Pursuant to the terms of the Series A Purchase Agreement, upon the fulfillment of certain customary closing conditions, Magellan will issue and sell to One Stone 19,239,734 shares of Series A Convertible Preferred Stock ("Series A Preferred Stock") for aggregate cash proceeds of $23,501,216.  Subject to certain conditions, including stockholder approval to the extent required by NASDAQ, each share of Series A Preferred Stock will be convertible into one share of Magellan's Common Stock at an initial conversion price of $1.22 per share, representing a 20% premium to the volume-weighted average closing price per share of Common Stock for the ten trading days preceding the signing of the Series A Purchase Agreement.  Furthermore, the Company will pay no capital raising advisory fees or issue any warrants in relation to this transaction.  The Company and One Stone anticipate that the closing of the transactions contemplated by the Series A Purchase Agreement will occur on or before May 22, 2013.

The Company intends to use the proceeds of this transaction, in addition to the Company's $15 million in cash and equivalents at March 31, 2013, to fund (i) the $10.0 to $20.0 million necessary for the drilling, completion, and execution of a CO 2-enhanced oil recovery ("CO 2-EOR") pilot project at Poplar, including the purchase of necessary CO 2 volumes; (ii) the current cash flow loss from operations of approximately $1.0 million per month until the ramp up of gas sales from the Company's onshore Australian assets in calendar year 2014; and (iii) the Company's efforts to further establish the value of its United Kingdom acreage through the participation in one or more exploratory wells in calendar year 2014.

J. Thomas Wilson, President and CEO of Magellan, stated, "This transaction is a critical milestone in the path to delivering value to our shareholders.  The proceeds from this transaction are expected to place the Company on a sound financial footing with sufficient liquid resources to progress the development of the Company's assets over the next two years.  We consider One Stone's investment, and the premium they are willing to pay to our current share price, to be a vote of confidence in our assets and strategy, and we are excited to welcome One Stone into our shareholder base as a financial and strategic partner. We firmly believe that this transaction represents the most appropriate path to increasing net asset value per share." 

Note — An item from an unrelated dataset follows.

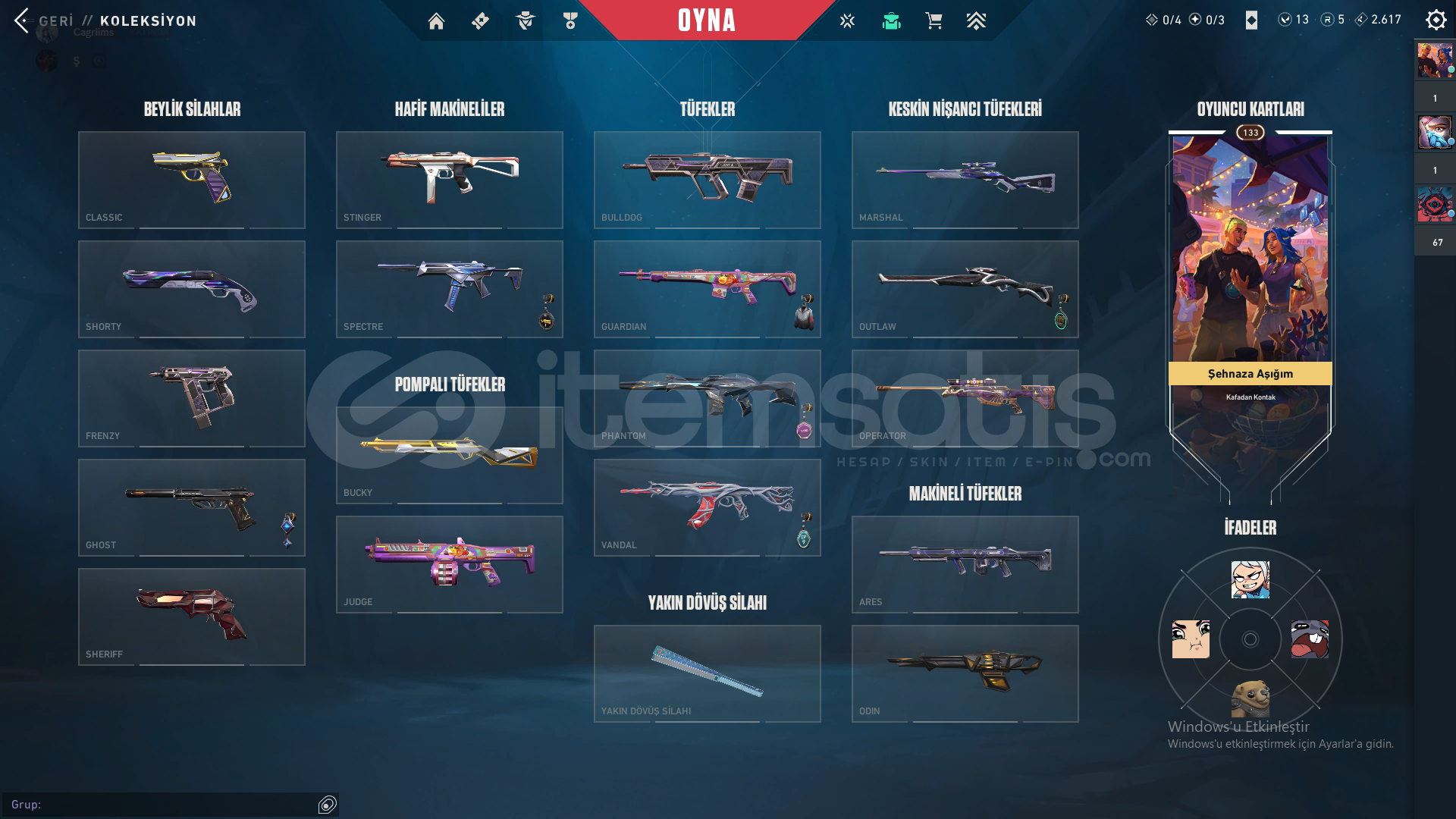 Asil ClassicFaz Koruyucu GhostAnomali SherifAsil//2.0 BuckyAnomali PhantomGaianın İntikamı VandalAnomali VandalDenge YalpazeDiğer bütün silahlarada battle pas skinleri mevcutturhesap ilk maili ile devredilecektir

Bob Israel, Managing Member of One Stone, stated, " One Stone's focus is on identifying "underdeveloped assets" in the natural resources sector.  We believe that the asset portfolio held by Magellan is an excellent opportunity to combine One Stone's capital with high potential, underdeveloped assets.  In particular, the Poplar CO 2-EOR project fits perfectly with our strategy.  We have great confidence in the management and look forward to working with the Board of Directors of Magellan to increase the value of the Company for all shareholders."

This press release shall not constitute an offer to sell or the solicitation of an offer to buy the securities described herein, nor shall there be any sale of such securities in any jurisdiction in which such offer, solicitation, or sale would be unlawful prior the registration or qualification under the securities laws of any such jurisdiction.